Seems a bit hard to believe, but in Virginia if a worker suffers a brain injury that prevents them from remembering the accident, it is not a compensable injury under workers’ compensation insurance. Even after an attempt to correct this elephant sized loophole, the state recently ruled that a man who fell off a roof and suffered traumatic brain injury – an injury that has left him wheelchair bound and permanently disabled, is not eligible for benefits.
The reason? At a hearing he could remember his name and age, but not remember the incident.
A 2011 law sponsored by a Representative and a Senator was intended to close the loophole that disallowed benefits for anyone who could not testify as to the accident that injured them. It provides a presumption that the accident was work related if a worker is physically or mentally unable to testify because of his injuries.

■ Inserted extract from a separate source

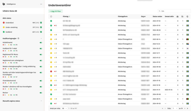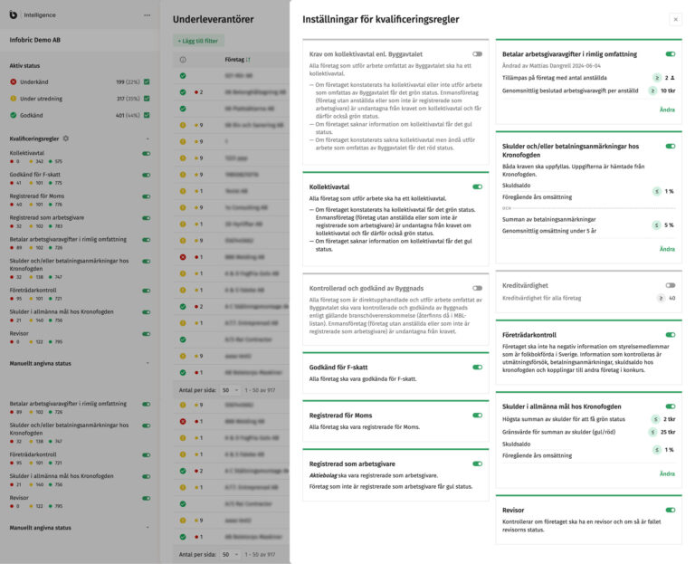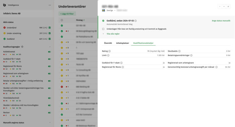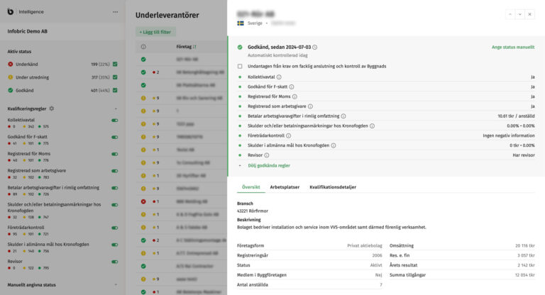 An important part of this is the ability to monitor subcontractors at all levels to ensure that suppliers meet the requirements and guidelines established by the initiative. The conditions include requirements for control systems and project reports, mandatory pre-registration, ensuring that all subcontractors pay Swedish F-tax and employer contributions, and have no outstanding debts with the Swedish Enforcement Authority. With Infobric Intelligence, offered in our Plus package, you ensure that you have everything needed to meet the requirements of the Bank Initiative.

However, when the man fell off the roof of a garage he was building, fractured his skull and developed a blood clot in his brain that nearly killed him, he was denied workers' compensation benefits. At a workers’ compensation hearing, it was the fact that he knew his name and his age that did him in. The Workers' Compensation Deputy Commissioner apparently ruled that the State legislators only intended that the new law apply to fatally injured workers or those in comas who are completely unable to testify.
It seems that:
In Virginia, if you have an accident on the job resulting in a severe brain injury, you had best be in a coma or dead, or the state will rule that it was not a compensable incident. The fact that you can sit in a chair and utter your name is enough to convince bureaucrats that you are good to go.
The decision was made because of the absence of case law he could use to figure out the legislature's intent when they enacted it. Does the state of Virginia really believe that the legislature merely intended to make benefits available for brain injured dead people? And that somehow an on the job brain injury isn’t an on the job brain injury? Unless it puts someone in a coma or a box?
The message in Virginia is clear. If you are going to fall off a roof, make sure it is from the third story or higher.